In May, the WSMA and Washington’s three medical schools — the University of Washington School of Medicine, the Pacific Northwest University of Health Sciences College of Osteopathic Medicine, and the Elson S. Floyd College of Medicine — issued a joint statement expressing support for diversity, equity and inclusion (DEI) efforts in medicine. “These efforts are foundational to increasing health care access, quality of life, and the experience of belonging in our communities, along with striving for the highest attainable standard of health for all,” their statement professed.
However, even they acknowledge that there is growing momentum to push back against these and other similar efforts— now including a bill in Congress that proposes to end federal funding for U.S. medical schools with DEI programs — which “may have consequences for the work we’re doing here in our state.” In the field of medicine, where a health care provider’s competency can make a life-or-death difference, a smarter approach to qualifying medical school admissions is to emphasize strong academic readiness, as our report suggests.
Yet, with its Scholarship and Diversity Advancement Fund, the WSMA Foundation has set a goal of awarding full-tuition scholarships for four years to three students annually, one at each of Washington’s medical schools. It aims to initially secure $2 million to $3 million to endow the fund, and then to increase that fundraising goal to $5 million (in mid-May, it had raised just over $780,000). Criteria for a scholarship is based on obtaining admission to a Washington medical school, meeting the Association of American Medical Colleges’ definition of “underrepresented”. and having a “commitment to advancing health equity.”
According to the foundation, 15 percent of students overall at the three medical schools in Washington are Black/African American/African, Hispanic/Latinx, Pacific Islander/Hawaiian Native, and American Indian/Alaska Native (using data from 2022-2024). Two of the universities offer no full-tuition scholarships; the other offers a few, the foundation says, though it does not explain the demographics of scholarship award recipients.
To emphasize the importance it places on diverse racial representations, the foundation cites a 2022 working paper by the National Bureau of Economic Research, claiming that “patients who share racial characteristics with the physicians treating them demonstrate higher rates of both treatment compliance and personal satisfaction” and that “newborn/physician racial concordance is associated with a significant improvement in mortality for black infants.”

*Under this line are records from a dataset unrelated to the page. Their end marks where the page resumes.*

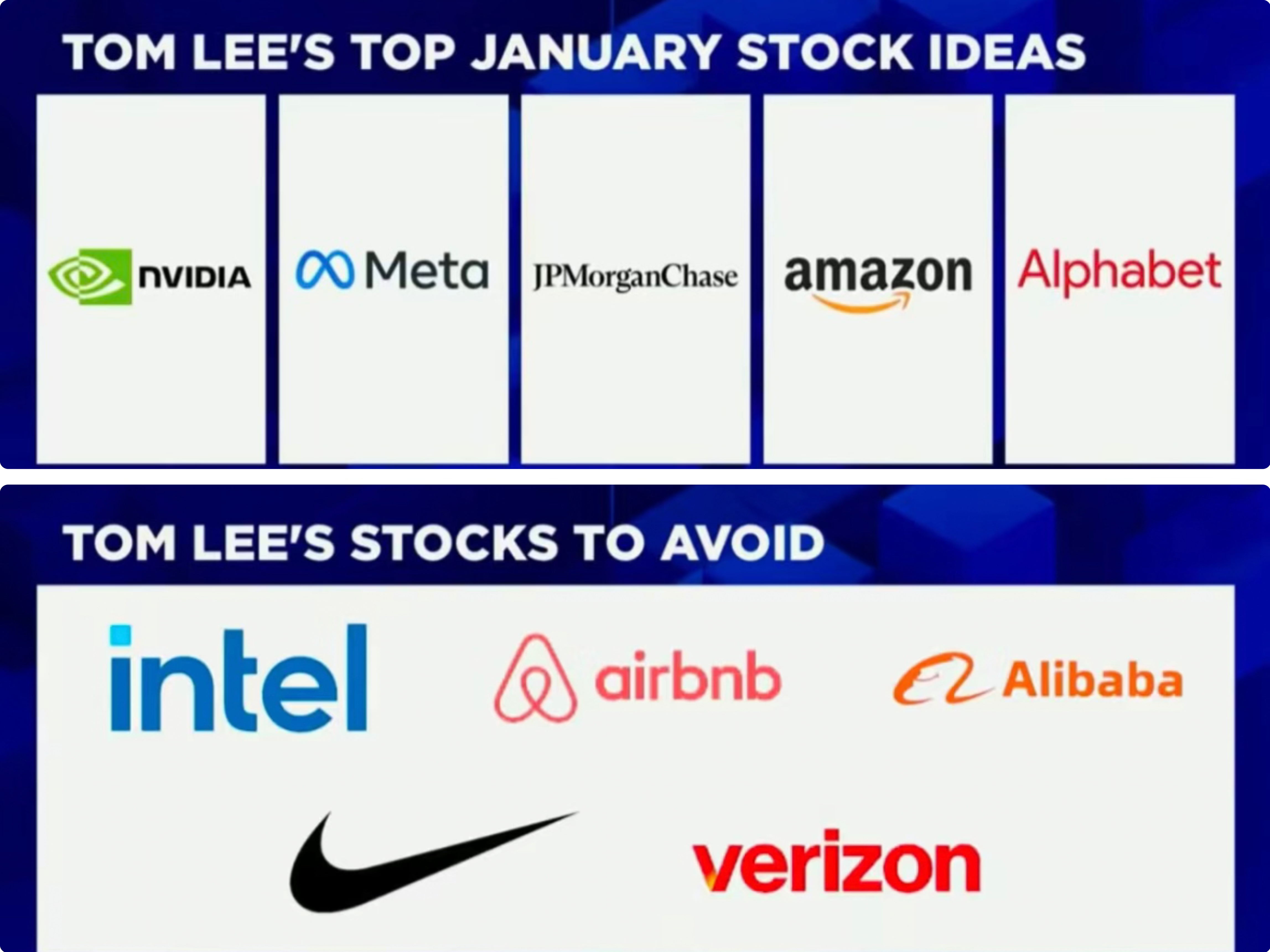 今天盘后,Fundstrat策略师Tom Lee给出了自己一月的操作策略(只是1月),看好&看衰的股票如图,仅供参考:[吃瓜]
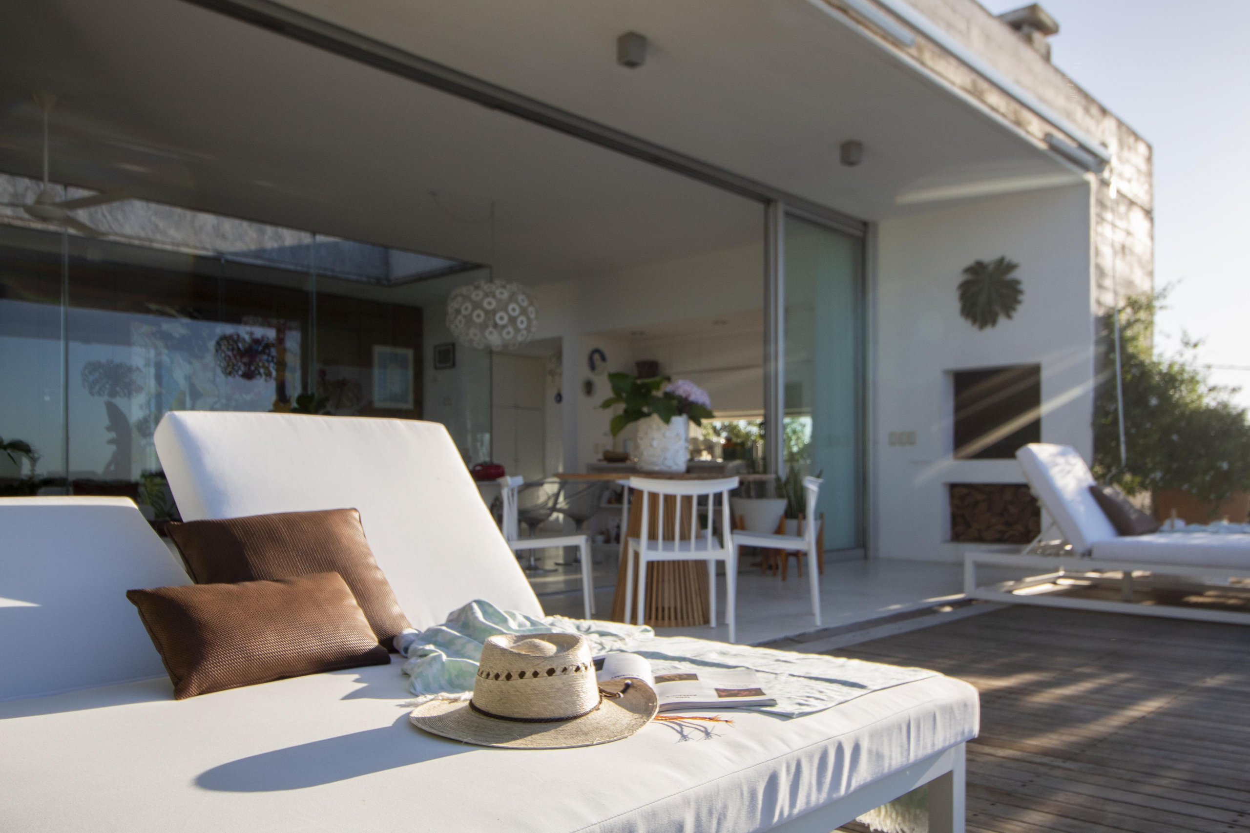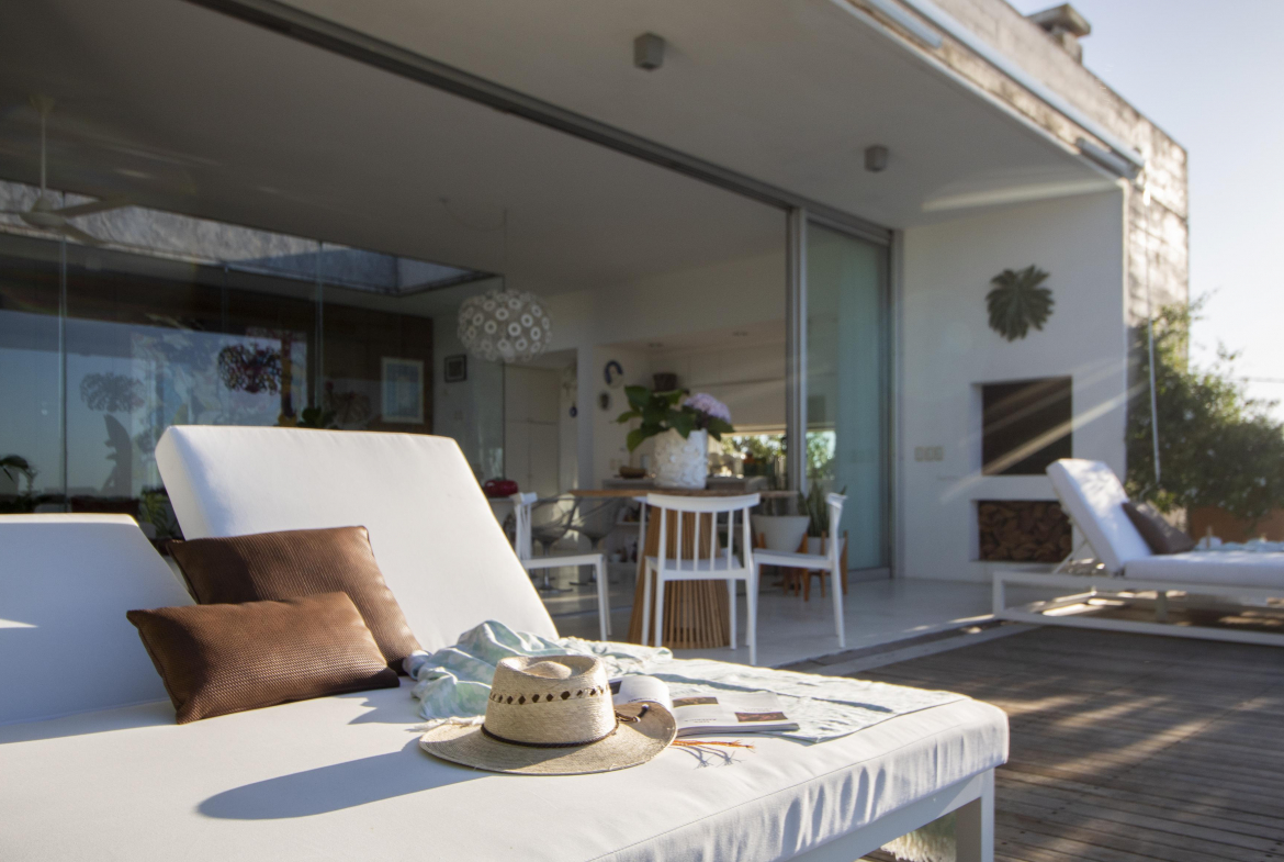 Amplia terraza sobre el deck protegida del sol por toldos Riego por aspersión
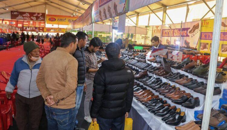 काठमाडौं । काठमाडौंको भृकुटीमण्डपस्थित ठूलो चौरमा ‘जाडोमा न्यानो जुत्ता चप्पल व्यापार मेला’ जारी छ । जाडो मौषम, लगन तथा शुभ मुहुर्तलाई मध्यनजर गर्दै फुटवयेर म्यानुफ्यक्चर्स एसोसियसन अफ नेपालले आयोजना गरेको मेलामा ग्राहकको आकर्षण बढ्दै गएको छ ।
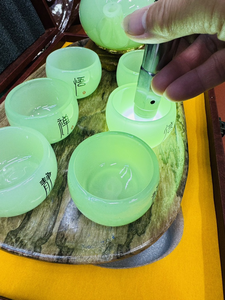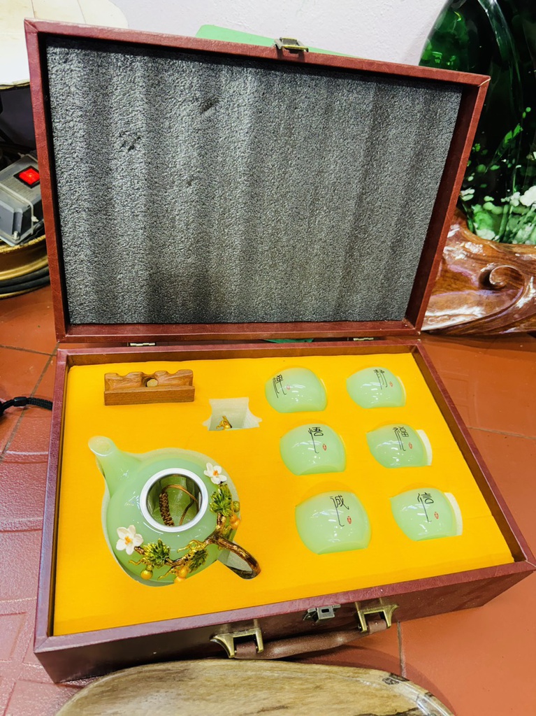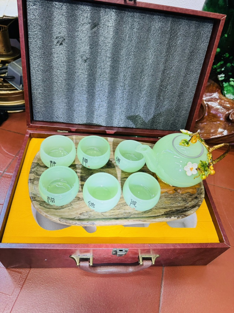 Bộ Bình Ly Đá Onyx Xanh Bình Cao 18 Ly Cao 8 Khay Gỗ Hóa Thạch Dài 32 Ngang 20 (cm)
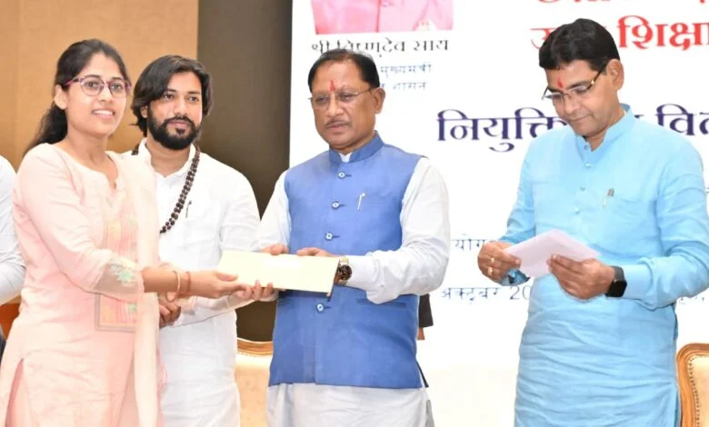 मुख्यमंत्री श्री साय ने कहा कि प्रदेश के युवाओं को पुलिस विभाग, विद्युत विभाग, सहकारिता विभाग, लोक स्वास्थ्य यांत्रिकी विभाग, आदिम जाति विकास विभाग सहित कई अन्य विभागों में नियुक्तियाँ दी जा रही हैं। उन्होंने कहा कि आने वाले समय में उच्च शिक्षा विभाग में 700 सहायक प्राध्यापकों और स्कूल शिक्षा विभाग में 5000 शिक्षकों की भर्ती की जाएगी।

These claims simply do not align with the preponderance of evidentiary scholarship, including the research conducted by fellows at Do No Harm.
While identifying the causes and potential solutions to meaningfully address racial health disparities is a worthy cause, restructuring the provision of healthcare in America along racial lines – based on faulty and misguided information – isn’t the answer. Pursuing this agenda fosters distrust between physicians and patients of different races and doubt among patients and physicians about the qualifications of providers.
We can chart an alternate path – one that promotes wellbeing, confidence in the capacities and preparedness of our medical professionals, and protects patients from profiling that leads to diminished outcomes and increased sociopolitical divide.